Terra d’esilio, di Luca Pizzolitto 1. Yves Bonnefoy

“Porranno i fiori accanto allo specchio / che consuma, e forse salva”: Yves Bonnefoy

Scrive Bonnefoy, in una sua riflessione sul senso della poesia –
La parola poetica avvicina soltanto ma è, nello stesso tempo, quella parola che salva il mondo dall’abbandono, trasforma l’esilio in speranza, ritesse il filo spezzato della vita […] è una parola capace di essere civitas, luogo, dimora.

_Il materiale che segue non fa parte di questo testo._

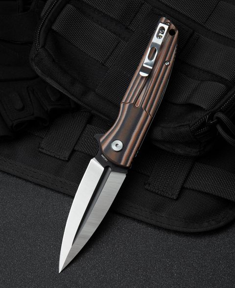 Складной нож Bestech Fin, сталь 14C28N Black/Satin, G10 Orange включает в себя несколько крутых фишек, о которых нужно сказать отдельно. Во-первых, накладки рукояти выполнены из многослойной микарты, что в настоящее время является одним из крутых ножевых трендов. Во-вторых, клинок кинжальной формы обладает фальшлезвием по всей длине обуха, а острый кончик обеспечивает высокую проникающую способность. В-третьих, нож имеет максимально плавный ход в процессе открывания. Клинок просто "выстреливает" и моментально приходит в рабочее положение. В-четвертых, рукоятка с глубокой подпальцевой выемкой обеспечивает уверенную фиксацию в процессе работы.

Di seguito, alcune poesie tratte da Quel che fu senza luce. Inizio e fine della neve (Einaudi, 2012)

Amano rientrare tardi, così. Non distinguono
Più neanche il sentiero fra le pietre
Là dove sgorga ancora un’ombra d’ocra rossa.
Tuttavia hanno fiducia. Accanto alla soglia
L’erba è senza rovi e non esiste morte.
Eccoli adesso sotto alcune volte.
È buio nel rumore delle foglie
Secche, smosse sul pavimento
Dal vento che non sa, di sala in sala,
Quel che ha nome e quel che è solo cosa.
E vanno, vanno. Laggiù tra le rovine,
È il paese delle calme rive,
Dai sentieri immobili. Nelle stanze
Porranno i fiori, accanto allo specchio
Che forse consuma, e forse salva.

*

Un’ombra di foglie o fiore si allungava su una pietra,
ti ci sedevi accanto, ti riscoprivi pittore cinese con un
po’ di colore da stemperare nell’inchiostro nero.
Era l’infinito che si faceva finito come nel territorio
degli animali. E chi partiva sapeva ritornare. Tempo
felice allora, quando, smarrito un sentiero, si sapeva
che era perché non c’era più ragione a proseguire, in
un mondo non ancora minacciato dalla fine.

*

Esco,
Sogno di uscire nella notte di neve.
Sogno di portare
Con me, lontano, fuori, senza ritorno,
Lo specchio della camera in alto, quello delle estati
Di una volta, la barca sulla prua della quale, semplici,
Andavamo, ci interrogavamo, nel sonno
Di estati che furono brevi come la vita.
A quel tempo
Era attraverso il cielo che splendeva nella sua acqua
Che i magi dei nostri sogni, ritirandosi,
Spargevano i loro tesori nella stanza buia.

*

E alzo gli occhi, finalmente oso farlo,
E vedo innanzi a me, nel cielo nudo,
Passare la barca che ritornò, talvolta senza luce,
In tanti sogni che si riflettono sulla sabbia
Della lunghissima riva di questa notte.
Guardo la barca, che esita,
Essa ha virato come se dei sentieri
Si disegnassero per lei sui flutti
Che dolcemente percorrono, frangendo la schiuma,
L’immensità dell’ombra della stella.
E chi c’è a bordo? Un uomo, una donna
Che si stagliano neri sul fumo
Di un fuoco che alimentano a prua.
Il desiderio dell’uomo, della donna
È dunque questo fuoco nel dedalo dei mondi.

*

Il poco d’acqua

A questo fiocco
Che sulla mia mano si posa, vorrei
Assicurare l’eterno
Facendo del mio vivere, del mio calore,
Del mio passato, di questi giorni d’oggi,
Solo un istante: quest’attimo, illimitato.
Ma già non è nient’altro
Che un po’ d’acqua, a disperdersi
Nella bruma dei corpi che vanno nella neve.

*

La Vergine della misericordia
Tutto, adesso,

Ben al caldo
Sotto il tuo manto lieve,
Quasi un nulla di bruma e di ricamo,
Madonna misericordiosa della neve.
Stretti al tuo corpo
Dormono, nudi,
Gli esseri e le cose, e le tue dita
Velano di chiarore quelle palpebre chiuse.